Ratings for their flagship show have continued to precipitously decline. This quarter, Raw ratings were down 17% on a national rating basis ("average of the U.S. viewing households for each minute of a selected daypart or program aired on a U.S. television network expressed as a percentage of the estimated U.S. television households within that network's coverage area") and down 14% on a coverage rating basis ("average of the U.S. viewing households for each minute of a program or daypart expressed as a percentage of total U.S. television households"). This decline is greater than the drop seen by USA Network as a whole (-11%) or the Top 25 Cable Networks (-6%).
However, the new Smackdown live format was a bright spot. Ratings are up 14% on a national rating basis and 13% on a coverage rating basis. Obviously, it helps to move to a live format with exclusive stars (including John Cena), stronger network (USA vs SyFy), improved storylines and expanded coverage/emphasis in WWE programming. As Vince McMahon noted, "in environment where all cable ratings are challenged, SmackDown transition to live format has been successful."

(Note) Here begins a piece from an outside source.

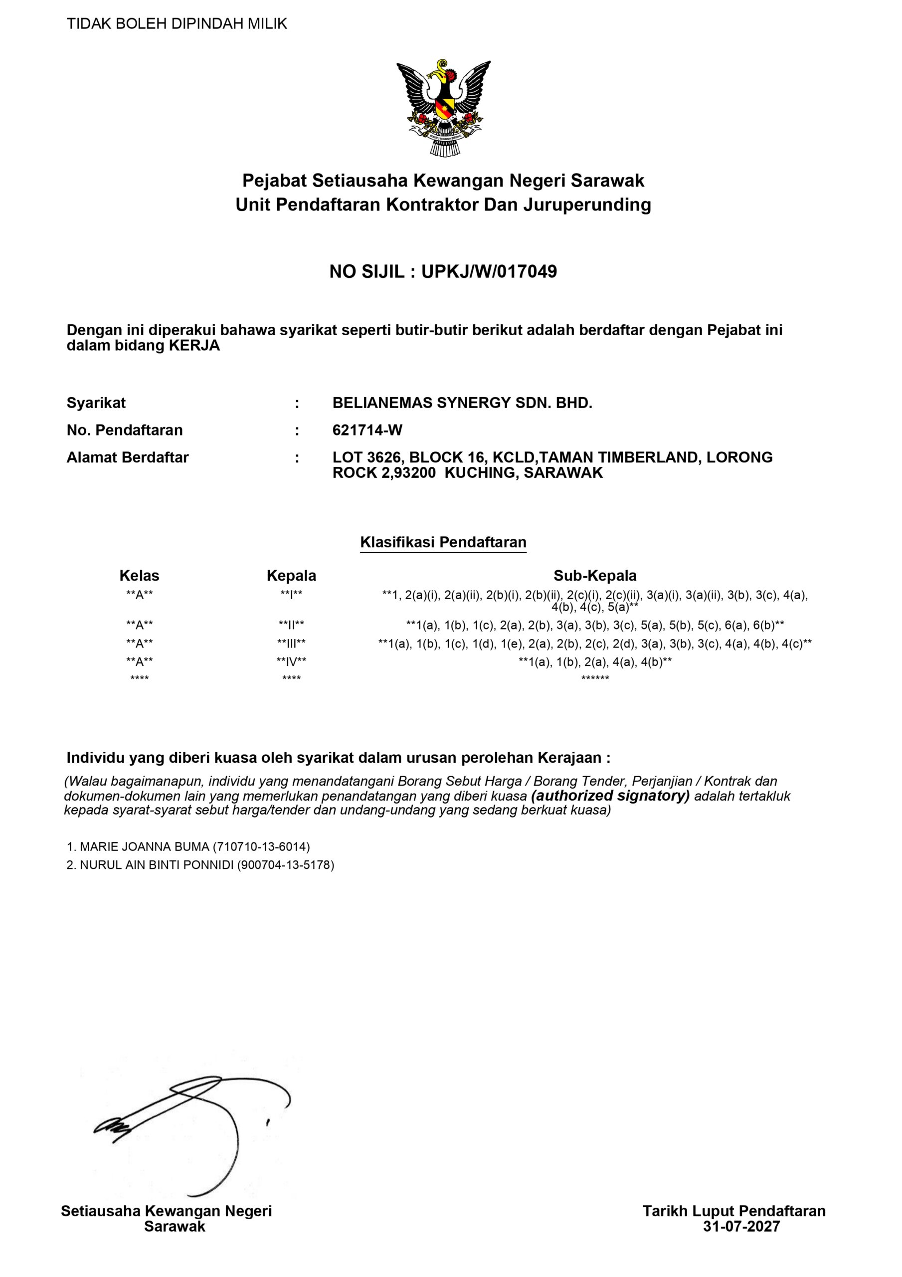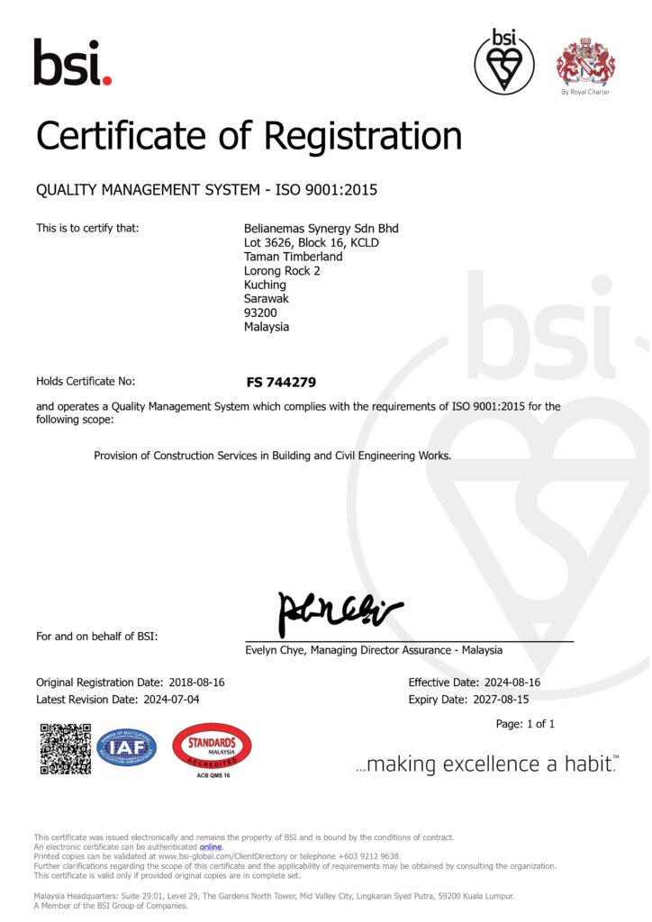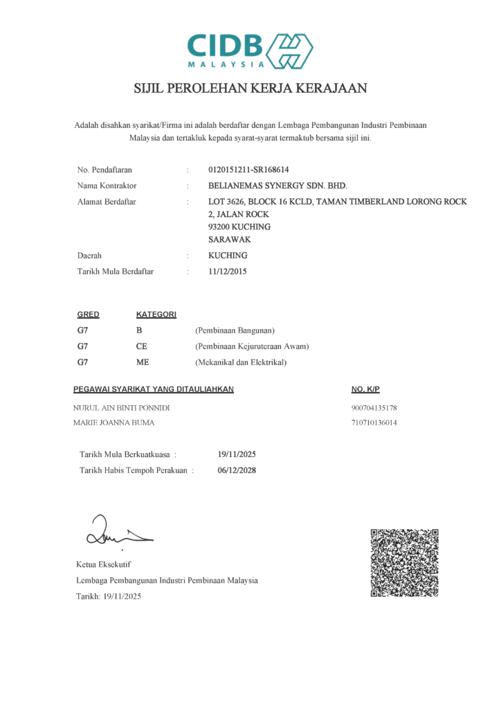 COMPANY LICENSES [ UPKJ Certificate ] [ Bumiputera Certificate ] [ CIDB Certificate ] [ ISO 9001:2015 Certificate ]

Overall, WWE remains on track to be a profitable company that will set another new revenue record in 2016. Their firm foundation for revenue growth is around monetizing their base of hardcore fans. They'll continue to run lots of live events and collect increased television rights fees each quarter. They've spent the year investing in various initiatives including increased focus on market localization & international staff and improved data analytics capabilities. The WWE Network is growing year-over-year with WrestleMania being the main catalyst of subscriber growth. They continue to pile up social media followers (705 million) and "engagements" (303 million). However, the future of media is very opaque. As George Barrios said, "the crystal ball is hazy" as WWE must determine whether they can count on new record television contracts in 2019 (when their US, UK and India TV deals come due) or whether it would be time to fully pivot into the world of AVOD or SVOD (subscriber video on demand). With the majority of digital views coming from outside the United States, will WWE be able to leverage this to recaptured lapsed fans and find new members of their WWE Universe in international markets? Can WWE utilize their improved customer metrics and subscriber profiles to generate more specialized content and market their consumer products and live events directly to fans? New initiatives, new marketing campaigns, new localization efforts and new pricing tiers must be explored. They have the benefit of guaranteed television rights revenue and fairly stable WWE Network trends. They must use these next few years to avoid entering a listless limbo or midcard mambo if they want to become a true entertainment juggernaut.